▸ Brief
Without any pictures, print exactly the lines that run from the start of the data through the line containing "Gucci Lug Sole Horsebit Accent Loafers Red".

▸ Provided data
---

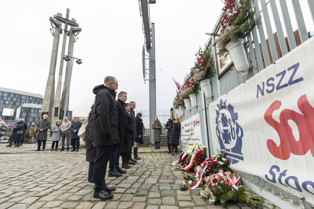 Gdańsk. Złożenie kwiatów i zniczy w 44. rocznicę stanu wojennego.
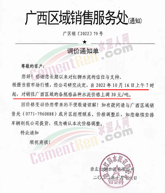崇左紅獅水泥有限公司廣西區(qū)域銷售服務(wù)處通知,自10月16日上午7時起,對銷往廣西區(qū)域的各規(guī)格品種水泥價格上調(diào)30元/噸。
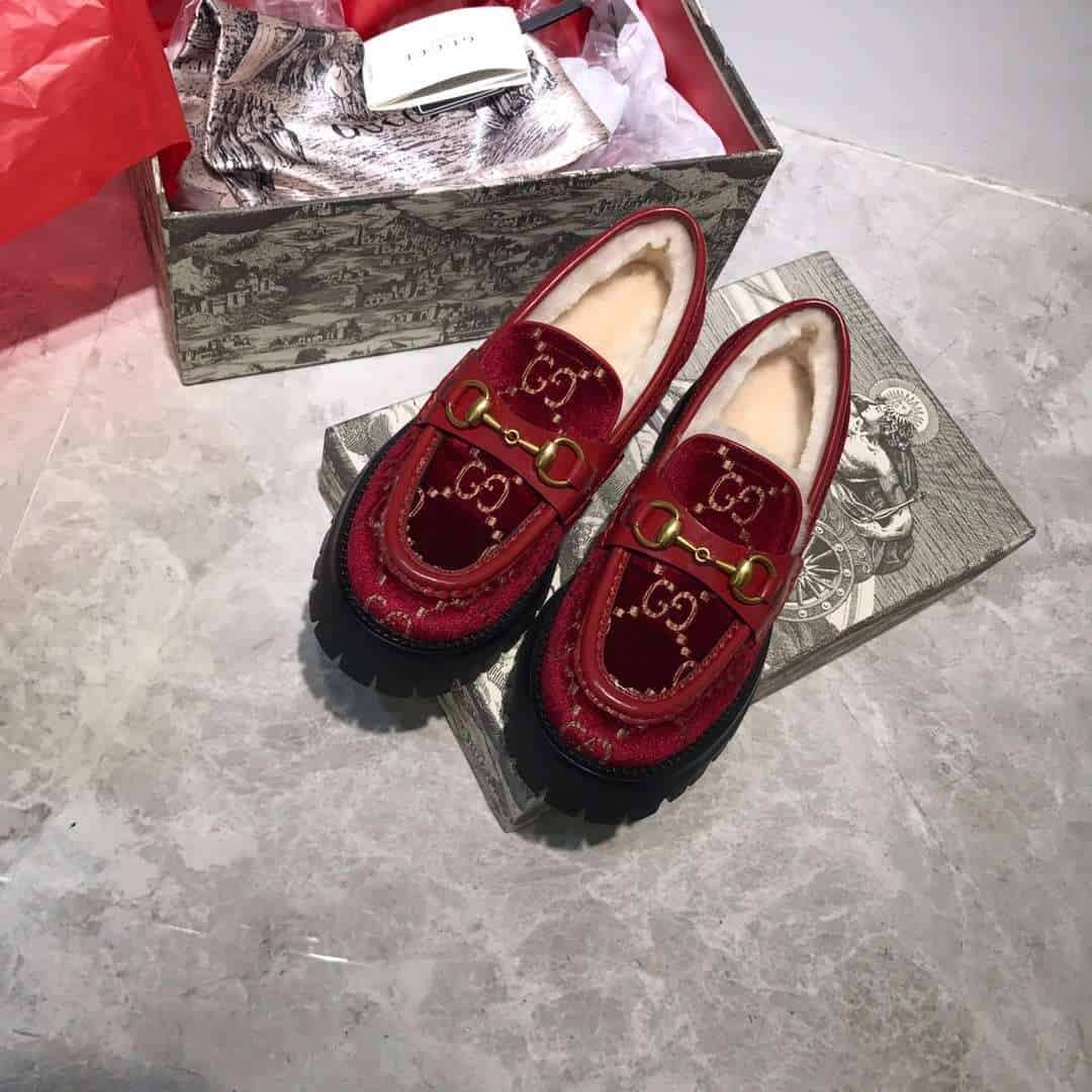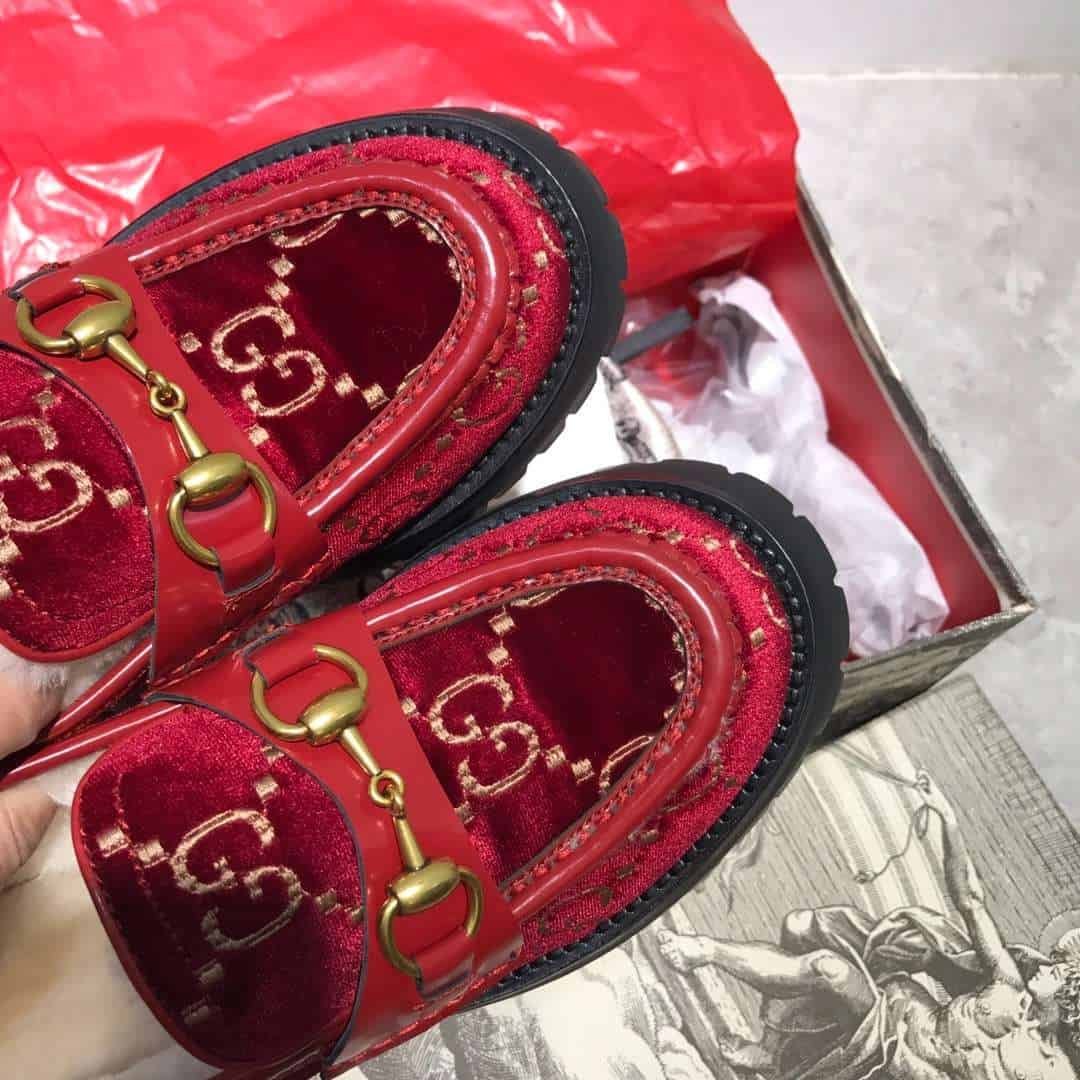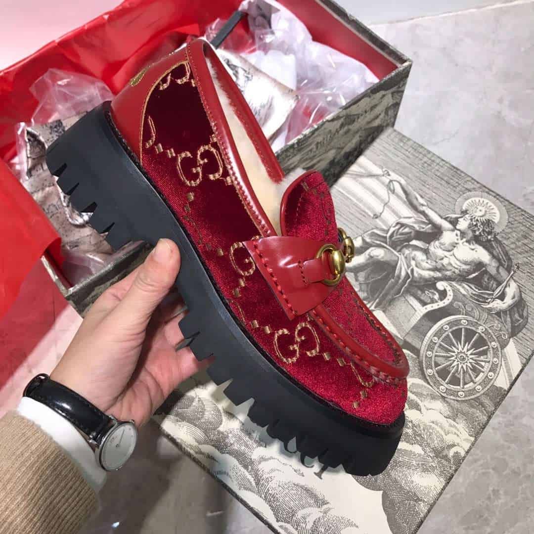 Gucci Lug Sole Horsebit Accent Loafers Red
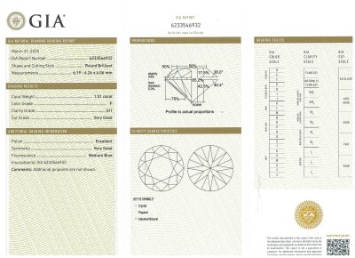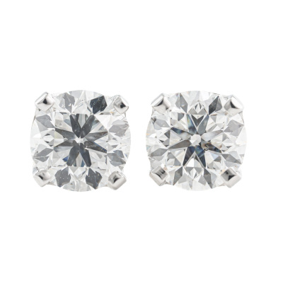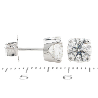 Diamond stud earrings with 2 round brilliant cut Natural Diamonds totalling 2.02ct (with GIA Reports graded as F SI1 #6233546932, 2516916233). 18ct white gold. Weight: 2.2g. (New)

---

▸ Solved exercise
 Gdańsk. Złożenie kwiatów i zniczy w 44. rocznicę stanu wojennego.
崇左紅獅水泥有限公司廣西區(qū)域銷售服務(wù)處通知,自10月16日上午7時起,對銷往廣西區(qū)域的各規(guī)格品種水泥價格上調(diào)30元/噸。
 Gucci Lug Sole Horsebit Accent Loafers Red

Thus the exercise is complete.